Date: 2011-08-25
Author: Sébastien Boisvert
Subject: VirtualCommunicator
Written on: VIA train 60 (Toronto -> Montréal)


The standard way of starting a program in the
command-line prompt is:

	./MyProgram

If MyProgram utilises threads and the systems has more than 1 processor logical
core, then MyProgram may use them if needed and/or was designed to.


== On the way to passing messages ==


When using the message-passing interface (MPI), a program built around it can be
run on more than one processor logical core. 
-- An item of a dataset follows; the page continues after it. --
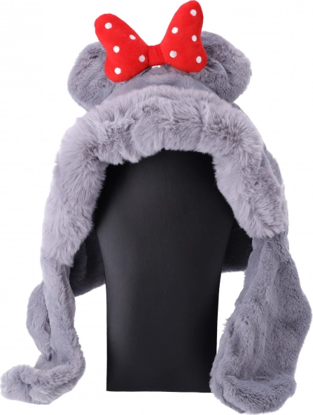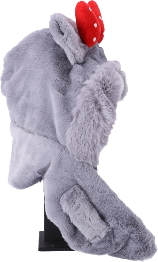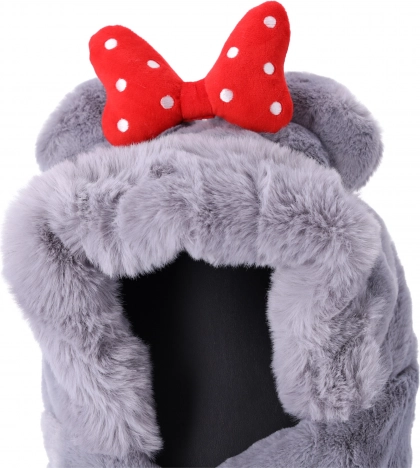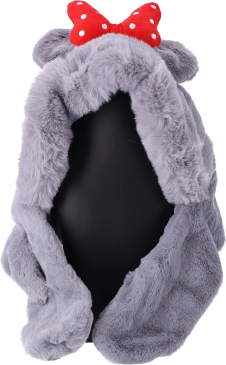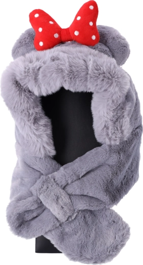 Gyerek plüss sálas sapka 1–8 éves gyerekeknek – szürke piros masnival

With the message-passing interface, a program is started using an
auxiliary program. Its standard name is mpiexec, and this name stands for
Message-Passing-Interface EXECution (or perhaps EXEcuter). Other names for such an auxiliary program
are mpirun and orterun. With mpiexec, the same program (in our example that
would be MyProgram) is started on numerous processor logical cores and each of
these program instances is given a unique identifier. Each of these numbered
running instances are called MPI ranks. The identifying numbers of 4 MPI ranks
would be 0, 1, 2 and 3. To start a program within this framework, the following
command must be utilised:

	mpiexec -n 4 ./MyProgram

Basically, this mpiexec program will take start the same program 4 times. The
magic of this is that the 4 MPI ranks can be on different computers, thus
enabling the true potential of compute clusters with distributed resources. For
instance, 16 computers connected with an Internet protocol (TCP/IP) network is a
compute cluster with distributed resources. Let's assume that each has 8
processor logical cores. In the MPI world, it means that we can have 
8 MPI ranks per computer. 16 computers thus give a total of 16*8 = 128 MPI
ranks.


== Sending and receiving information ==

It would be obviously pointless to start several instance of the same program
with the same exact command-line arguments if these can not exchange
information.

Fortunately, there is one single thing that truly differentiate all these
otherwise identical running instances of the same program executable. This handy
attribute that I refer to is these MPI rank numbers. Using these, any MPI rank
can send a message to another specific MPI rank. And any MPI rank can check for
new unread messages recently received.

Any message thus has a sender MPI rank, a receiver MPI rank and actual
information. Any message also has an MPI tag to identify the type of information
it contains.

The hardest part is presumably to implement programs using this general idea of
MPI ranks. Following the single-program multiple-data paradigm (SPMD), the source
code of a MPI program is the same regardless of the actual number of a MPI rank.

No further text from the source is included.